The mission statement of LID-MARC is: “Provide research-based recommendations to government, industry and nongovernmental organizations on green storm water management practices, including bioretention and bioinfiltration. Work conducted by the consortium ranges from the fundamental to the applied practical and focuses on a variety of land uses and climate conditions found among the mid-Atlantic states.”
The first major research grant awarded to the LID-MARC partners is entitled Watershed Impact of Stormwater Bioretention and Bioinfiltration Best Management Practices. Funded by the Cooperative Institute for Coastal and Estuarine Environmental Technology (CICEET), the research focuses on making science-based recommendations for the design and performance of LID bioretention and bioinfiltration best management practices (BMPs) to understand and optimize their use as a storm water control measure at the watershed scale. The research team integrates diverse expertise and experience from three established storm water research programs with differing climatic and soil conditions in the mid-Atlantic coastal zone.
A New Breed of BMP
Bioretention BMPs attenuate storm water runoff volume to reduce negative impacts from development and changing land use. These control measures directly address recharge, water quality, increased volume, peak delay and peak flow issues. These control measures are unique in that they are most effective when strategically distributed over the landscape in an LID setting, contrasting to past practices of larger control technologies at the bottom of the watershed.
Nevertheless, a wide range of design issues for these BMPs has slowed implementation and inhibited use. Some of these issues stem from the fact that the bioretention and bioinfiltration concept is a new breed of BMP that integrates knowledge from a number of disciplines. Concerns over performance, groundwater contamination, longevity and over-infiltration have limited their size. Past practices and guidelines were directed at smaller runoff volumes and did not include peak rate reduction or large volumes as performance criteria.
Grant in Action
To address these issues, the investigative team—which includes Allen Davis at the University of Maryland, Rob Traver at Villanova University and Bill Hunt at North Carolina State University—monitors the hydrologic and water quality performance of different bioretention and bioinfiltration BMPs at or near the three universities. Currently, the project coordinators have developed protocols for sharing data. They are in the field-testing stage.

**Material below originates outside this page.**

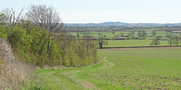 [4] Go through a gate into the churchyard and walk along an avenue of yew trees to the right of the church. The church of St Peter dates from the fourteenth century. Emerging at the main gates to the churchyard you carry straight on along the side road of a small triangle and turn left into Main Street. At the T junction, you can turn left to find the Shoulder Of Mutton pub if you require refreshments, but to follow the route, turn right along Hill Road and bear right again at the next junction. Follow the road for 400 metres as it continues in a steady direction. When the road makes a sharp turn to the left carry straight on along a farm track with a footpath waymark. This track is easy to follow as it continues in the same direction for a kilometre, gradually getting smaller and grassier. To your right you have a good view of earlier sections of the walk.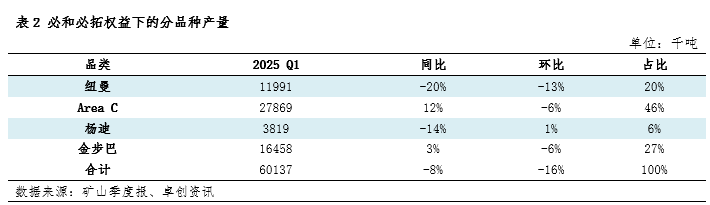 分品种来看,同比方面,必和必拓权益下,一季度除了C矿区的产量增长外,其余矿区均有不同程度的下滑,其中杨迪下滑最为明显;环比方面,除了杨迪矿区外,各矿区的产量均有所增长。

In the next stage, the researchers will evaluate the data across the different sites to develop performance metrics and parameter association. Later stages will move to computer simulations and design recommendations. First results of this work are expected to be presented at the American Society of Civil Engineers World Environmental & Water Congress in spring 2009.
“The combined pressures of climate change and human activity have made the management of our coastal resources increasingly complex and difficult,” said Richard Langan, CICEET’s University of New Hampshire co-director. “This project was selected for its potential to transform research into practical, accessible tools that coastal resource managers need to support their communities and protect the environment.”